Hopp til innhold

Litterære tekster

The Waste Land (Part One and Two)

The Waste Land by Thomas Stearns Eliot

For Ezra Pound
il miglior fabbro1

Note

In Italian this means "the better craftsman".

1 The Burial of the Dead

April is the cruellest month, breeding
Lilacs out of the dead land, mixing
Memory and desire, stirring
Dull roots with spring rain.
Winter kept us warm, covering
Earth in forgetful snow, feeding
A little life with dried tubers.
Summer surprised us, coming over the Starnbergersee 1
With a shower of rain; we stopped in the colonnade,
And went on in the sunlight, into the Hofgarten,
And drank coffee and talked for an hour.
Bin gar keine Russin, stamm’ aus Litauen, echt deutsch. 2
And when we were children staying at the archduke’s,
My cousin’s he took me out on a sled,
And I was frightened. He said, Marie, 3
Marie, hold on tight. And down we went.
In the mountains, there you feel free.
I read, much of the night, and go south in the winter.

Notes
  1. Eliot spent much time in Germany.
  2. Many Germans had migrated to Lithuania after WW1.
  3. Eliot said that "all women are one woman", and Marie or Mary is the archetypical woman in this context.


What are the roots that clutch, what branches grow
Out of this stony rubbish? Son of man 1
You cannot say, or guess, for you know only
A heap of broken images, where the sun beats,
And the dead tree gives no shelter, the cricket no relief, 2
And the dry stone no sound of water. Only
There is shadow under this red rock,
(Come in under the shadow of this red rock), 3
And I will show you something different from either
Your shadow at morning striding behind you
Or your shadow at evening rising to meet you;
I will show you fear in a handful of dust. 4

Notes

These are all references to the Bible.

  1. In the Old Testament the coming Messiah is referred to as "son of man", in the New Testament Jesus also called himself "son of man".
  2. In Ecclesiastes the preacher describes a desolate and waste land crushed by sin where "the grasshopper shall be a burden".
  3. Isaiah predicted the coming of a Messiah who "shall be as the shadow of a rock in a weary land".


Frisch weht der Wind 1
Der Heimat zu,
Mein Irisch Kind,
Wo weilest du?

Note
  1. These lines are from Richard Wagners opera, Tristan and Isolde, and refer to Tristan's unhappy love for Isolde while he is waiting for her return from Ireland.

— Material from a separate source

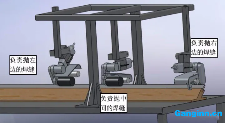 九個研磨拋光機(jī)平面圖:三個砂帶機(jī)做為一個工藝流程(一組)打磨拋光三個面,具體工作上,后一組砂帶機(jī)的打磨拋光部位需比前一組砂帶機(jī)的打磨拋光部位前行1-1.5毫米,此設(shè)計方案是為了更好地后邊一組研磨拋光機(jī)能更強的打磨拋光掉前一組留有的打磨拋光的劃痕。

You gave me hyacinths first a year ago;
“They called me the hyacinth girl.”
- Yet when we came back, late from the Hyacinth garden, 1
Your arms full, and your hear wet, I could not
Speak, and my eyes failed, I was neither
Living nor dead, looking into the heart of light, the silence.
Oed’ und leer das Meer. 2

Notes
  1. This refers to a Greek May festival celebrating Hyacinthus, a legendary figure from Greek mythology.
  2. From Tristan and Isolde again, Tristan is waiting for Isolde, but "desolate and deserted the sea".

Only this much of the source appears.